Introducing Distil-Whisper: 6x faster than Whisper while performing to within 1% WER on out-of-distribution test data.
Through careful data selection and filtering, Whisper’s robustness to noise is maintained and hallucinations reduced.
For more information, refer to:
- 👨💻 The GitHub repo: https://github.com/huggingface/distil-whisper
- 📚 The official paper: https://arxiv.org/abs/2311.00430
Here’s a quick overview of how it works:
1. Distillation
The Whisper encoder performs 1 forward pass, while the decoder performs as many as the number of tokens generated. That means that the decoder accounts for >90% of the total inference time. Therefore, reducing decoder layers is more effective than encoder layers.

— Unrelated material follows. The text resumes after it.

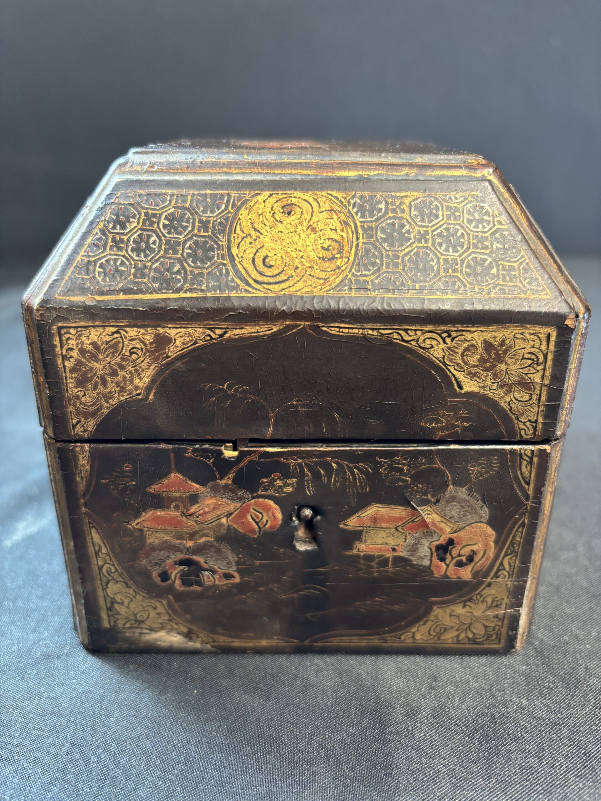 Chinese Tea Caddy (Circa 1880) decorated with Chinese Buildings and Trees (BNP)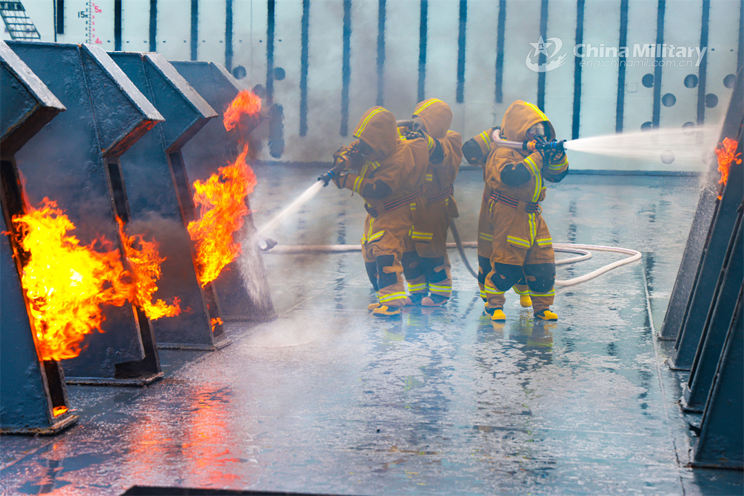 Sailors assigned to a naval flotilla under the PLA Southern Theater Command conduct damage control training during a recent training exercise. (eng.chinamil.com.cn/Photo by Li Junlin)

With this in mind, we keep the whole encoder, but only 2 decoder layers. The resulting model is then 6x faster. A weighted distillation loss is used to train the model, keeping the encoder frozen 🔒 This ensures we inherit Whisper’s robustness to noise and different audio distributions.
2. Data
Distil-Whisper is trained on a diverse corpus of 22,000 hours of audio from 9 open-sourced datasets with permissive license. Pseudo-labels are generated using Whisper to give the labels for training. Importantly, a WER filter is applied so that only labels that score above 10% WER are kept. This is key to keeping performance! 🔑
3. Results
Distil-Whisper is 6x faster than Whisper, while sacrificing only 1% on short-form evaluation. On long-form evaluation, Distil-Whisper beats Whisper. We show that this is because Distil-Whisper hallucinates less
4. Usage
Checkpoints are released under the Distil-Whisper repository with a direct integration in 🤗 Transformers and an MIT license.
5. Training Code
Training code will be released in the Distil-Whisper repository this week, enabling anyone in the community to distill a Whisper model in their choice of language!